Work instruction: Print the records below exactly as they appear. Omit all pictures.

##############################

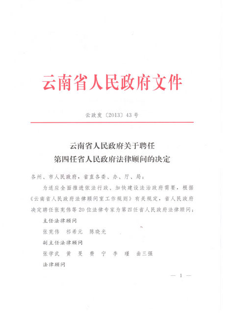 供稿:法学院新闻中心 编辑:聂宁宁 近期,云南省人民政府公布了新一批法律顾问名单,九游会在线注册,(中国)科技公司法学院院长曲三...
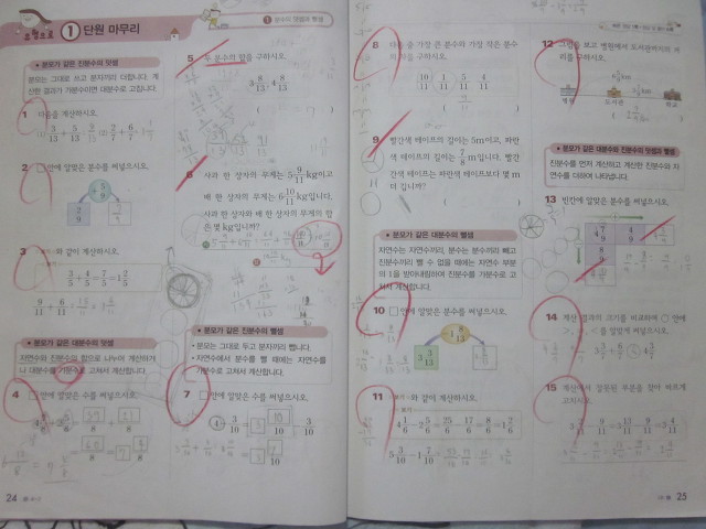 1단원 분수의 덧셈과 뺄셈 부분 한단원을 소개할게요.
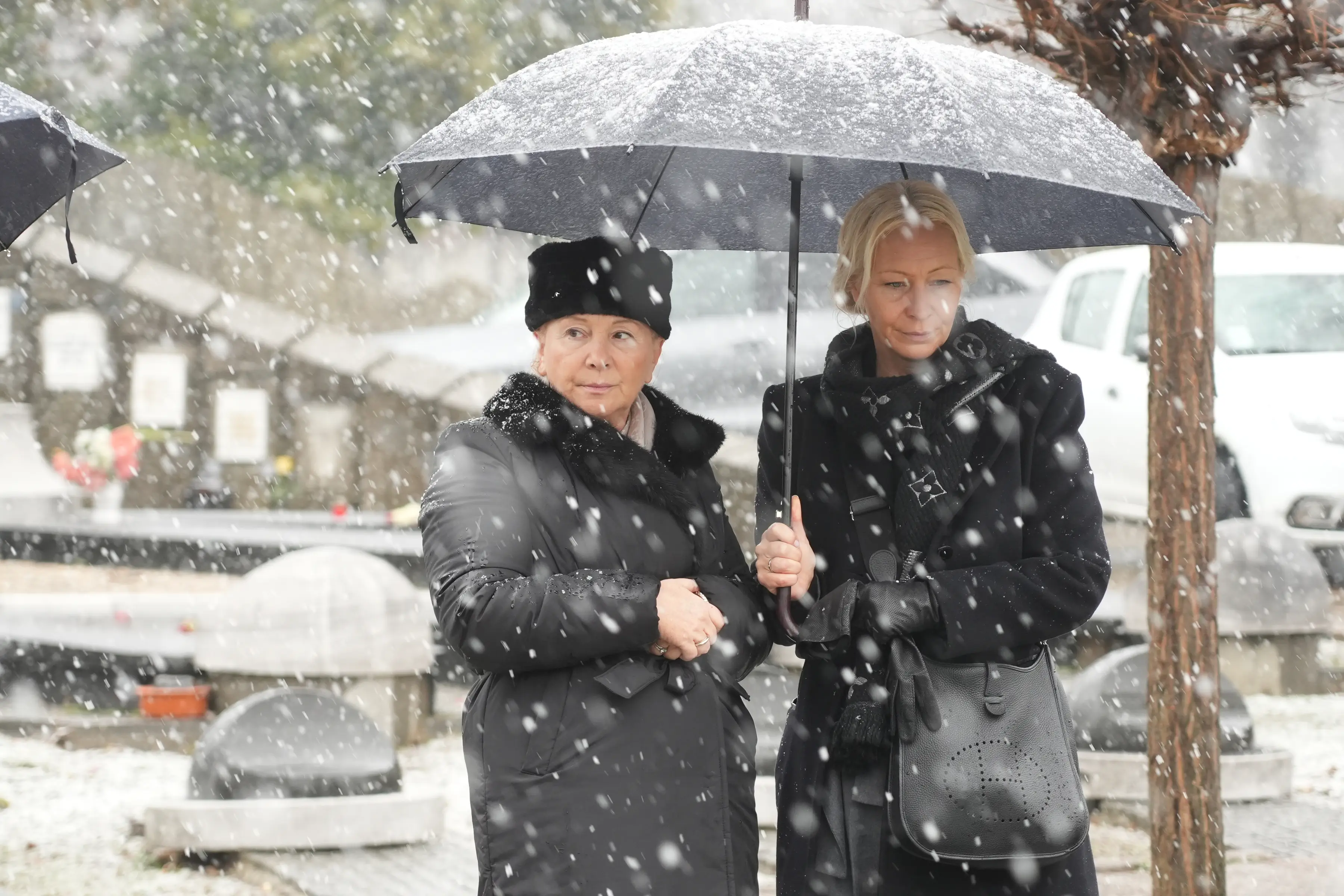 Nije mogla da zaustavi suze, sve vreme je držala ruke ispred lica, kao da se moli, a u jednom trenutku je pomazila Šabanovu fotografiju koju je prekrio sneg.
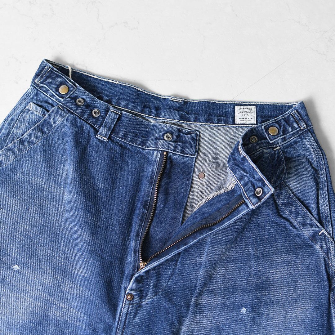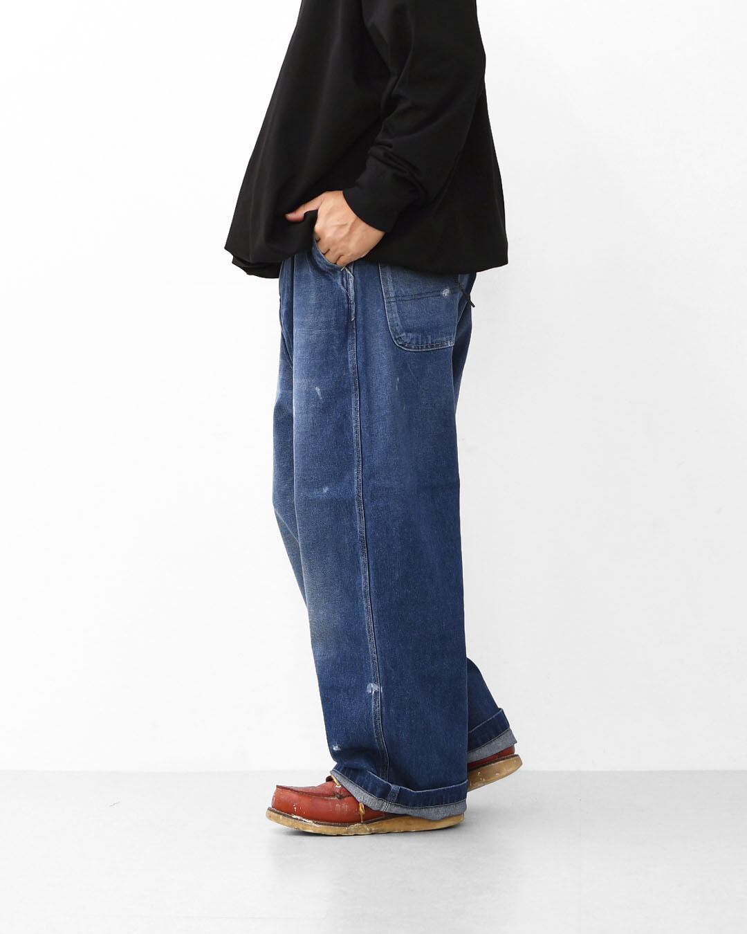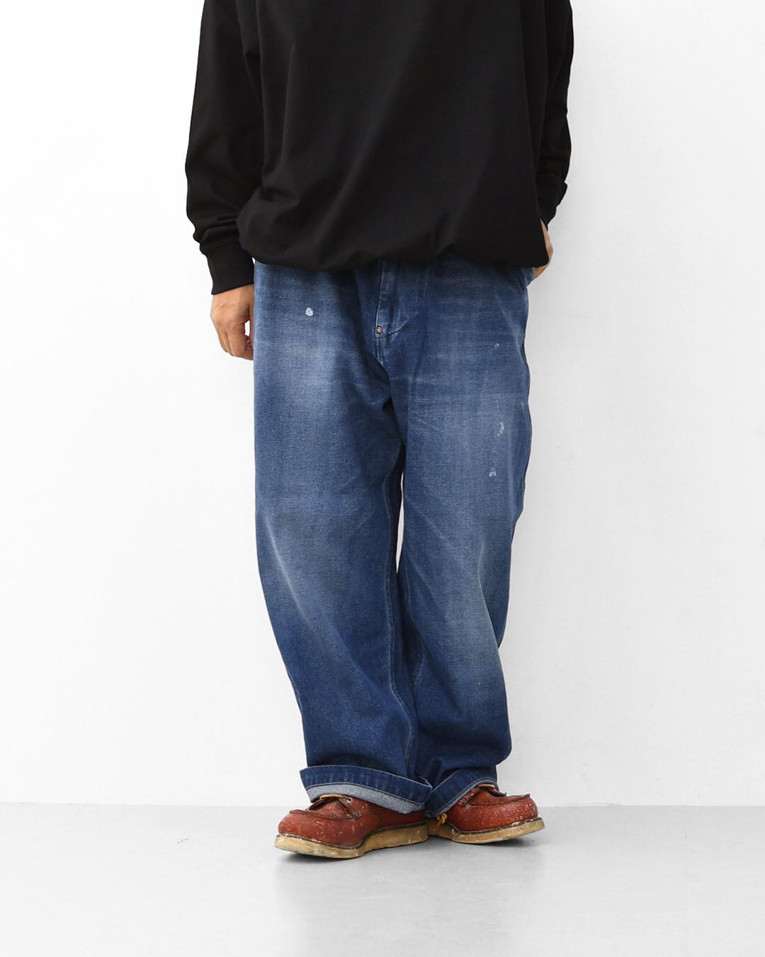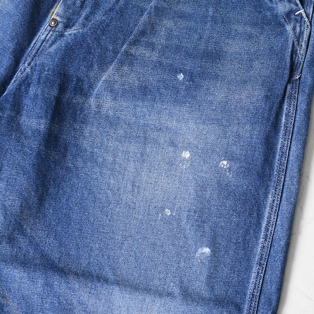 10.5ozのライトオンスデニムに、USED加工やペンキの表情を重ねた一本。
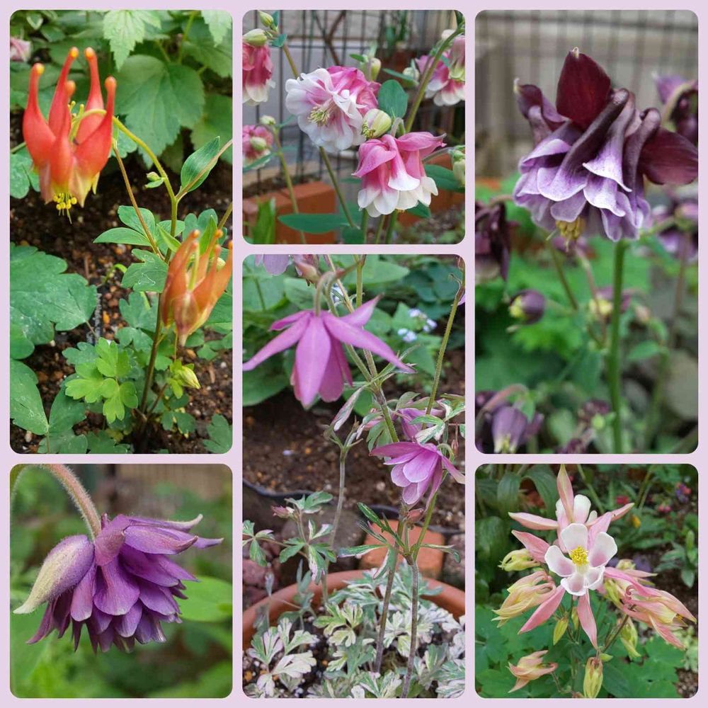 カナダオダマキ リトルランタン(左上)とブルーバロー(左下)が開花してオダマキが6種類咲いています。

##############################

Output for this exercise:
 供稿:法学院新闻中心 编辑:聂宁宁 近期,云南省人民政府公布了新一批法律顾问名单,九游会在线注册,(中国)科技公司法学院院长曲三...
 1단원 분수의 덧셈과 뺄셈 부분 한단원을 소개할게요.
 Nije mogla da zaustavi suze, sve vreme je držala ruke ispred lica, kao da se moli, a u jednom trenutku je pomazila Šabanovu fotografiju koju je prekrio sneg.
 10.5ozのライトオンスデニムに、USED加工やペンキの表情を重ねた一本。
 カナダオダマキ リトルランタン(左上)とブルーバロー(左下)が開花してオダマキが6種類咲いています。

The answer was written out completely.